*TO DO*:
The entries below contain pictures. Write out only the lines from the line with "This document provides" up to and including the line with "Apportez une touche", exactly, without them.
GIVEN RECORDS Block Start
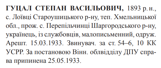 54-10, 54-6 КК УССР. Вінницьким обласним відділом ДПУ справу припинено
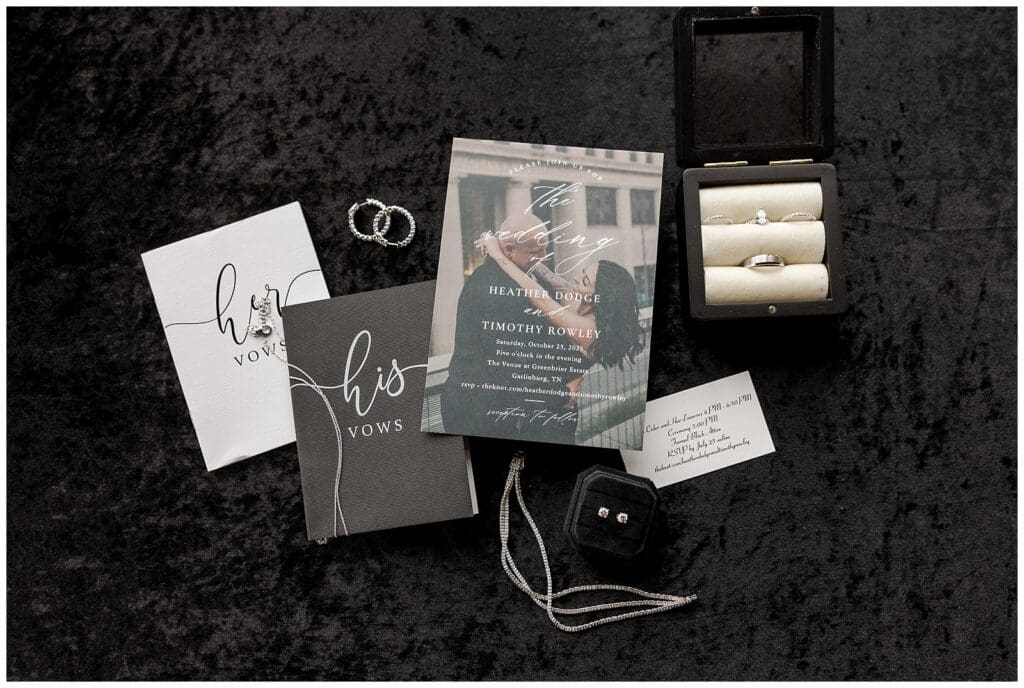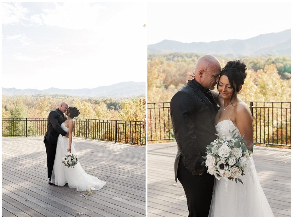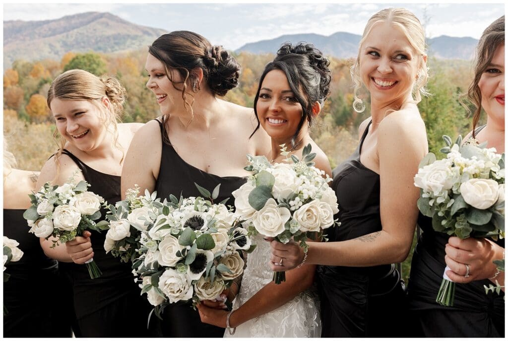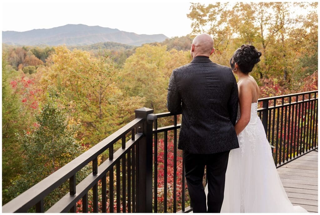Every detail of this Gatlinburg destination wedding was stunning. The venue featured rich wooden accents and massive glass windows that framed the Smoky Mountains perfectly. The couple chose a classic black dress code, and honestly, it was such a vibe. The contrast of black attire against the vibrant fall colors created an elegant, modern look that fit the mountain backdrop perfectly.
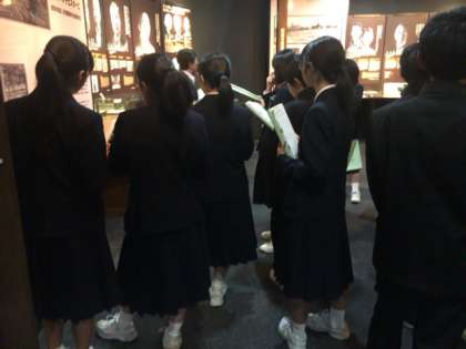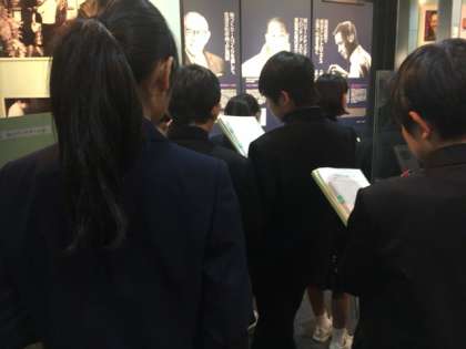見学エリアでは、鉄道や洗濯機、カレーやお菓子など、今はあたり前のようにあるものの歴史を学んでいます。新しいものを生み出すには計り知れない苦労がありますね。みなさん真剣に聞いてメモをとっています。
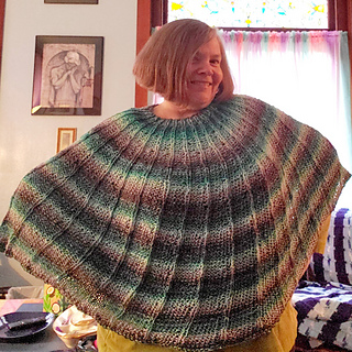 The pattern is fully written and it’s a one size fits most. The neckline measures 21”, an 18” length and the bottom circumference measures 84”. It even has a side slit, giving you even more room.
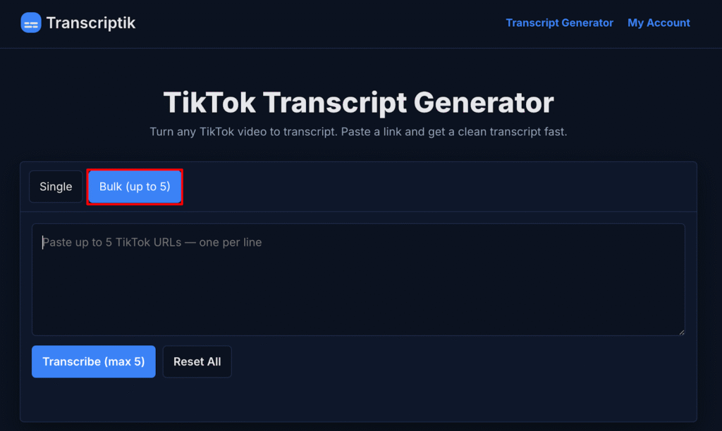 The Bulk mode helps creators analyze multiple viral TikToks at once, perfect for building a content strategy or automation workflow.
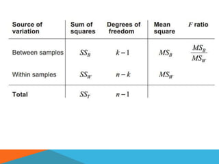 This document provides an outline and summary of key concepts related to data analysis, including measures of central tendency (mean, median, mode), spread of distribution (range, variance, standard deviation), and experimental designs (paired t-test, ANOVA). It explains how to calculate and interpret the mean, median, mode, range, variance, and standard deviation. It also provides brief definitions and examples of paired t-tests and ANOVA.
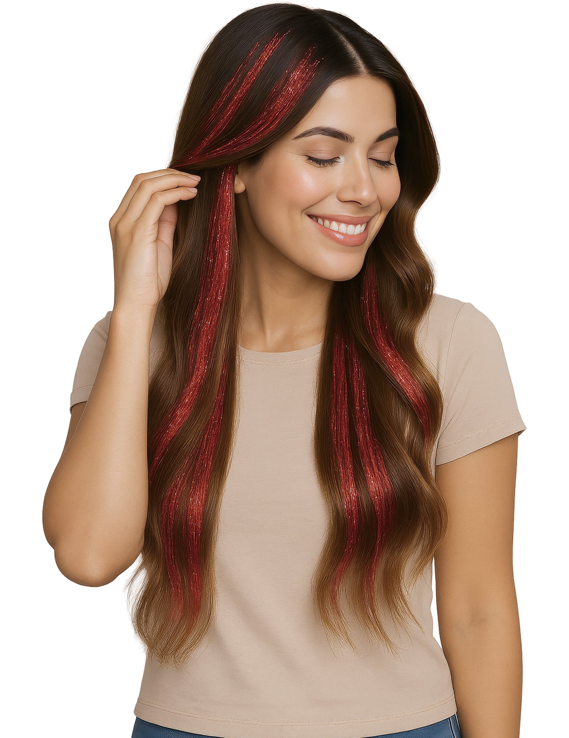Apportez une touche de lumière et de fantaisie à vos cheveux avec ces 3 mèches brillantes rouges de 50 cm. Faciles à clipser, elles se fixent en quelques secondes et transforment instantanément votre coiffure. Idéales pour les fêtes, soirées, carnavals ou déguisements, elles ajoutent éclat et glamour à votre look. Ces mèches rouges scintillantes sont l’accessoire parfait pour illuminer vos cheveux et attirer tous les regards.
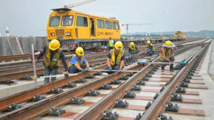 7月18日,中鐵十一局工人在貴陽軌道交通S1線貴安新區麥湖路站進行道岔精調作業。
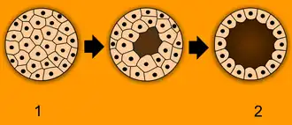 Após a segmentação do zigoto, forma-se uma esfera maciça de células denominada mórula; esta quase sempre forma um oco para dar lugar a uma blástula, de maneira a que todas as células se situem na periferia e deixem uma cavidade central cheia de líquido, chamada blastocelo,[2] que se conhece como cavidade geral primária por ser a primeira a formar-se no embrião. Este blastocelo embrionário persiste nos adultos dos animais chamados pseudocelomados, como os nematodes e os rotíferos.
GIVEN RECORDS Block End
*ANSWER FOR THIS EXERCISE*:
 This document provides an outline and summary of key concepts related to data analysis, including measures of central tendency (mean, median, mode), spread of distribution (range, variance, standard deviation), and experimental designs (paired t-test, ANOVA). It explains how to calculate and interpret the mean, median, mode, range, variance, and standard deviation. It also provides brief definitions and examples of paired t-tests and ANOVA.
Apportez une touche de lumière et de fantaisie à vos cheveux avec ces 3 mèches brillantes rouges de 50 cm. Faciles à clipser, elles se fixent en quelques secondes et transforment instantanément votre coiffure. Idéales pour les fêtes, soirées, carnavals ou déguisements, elles ajoutent éclat et glamour à votre look. Ces mèches rouges scintillantes sont l’accessoire parfait pour illuminer vos cheveux et attirer tous les regards.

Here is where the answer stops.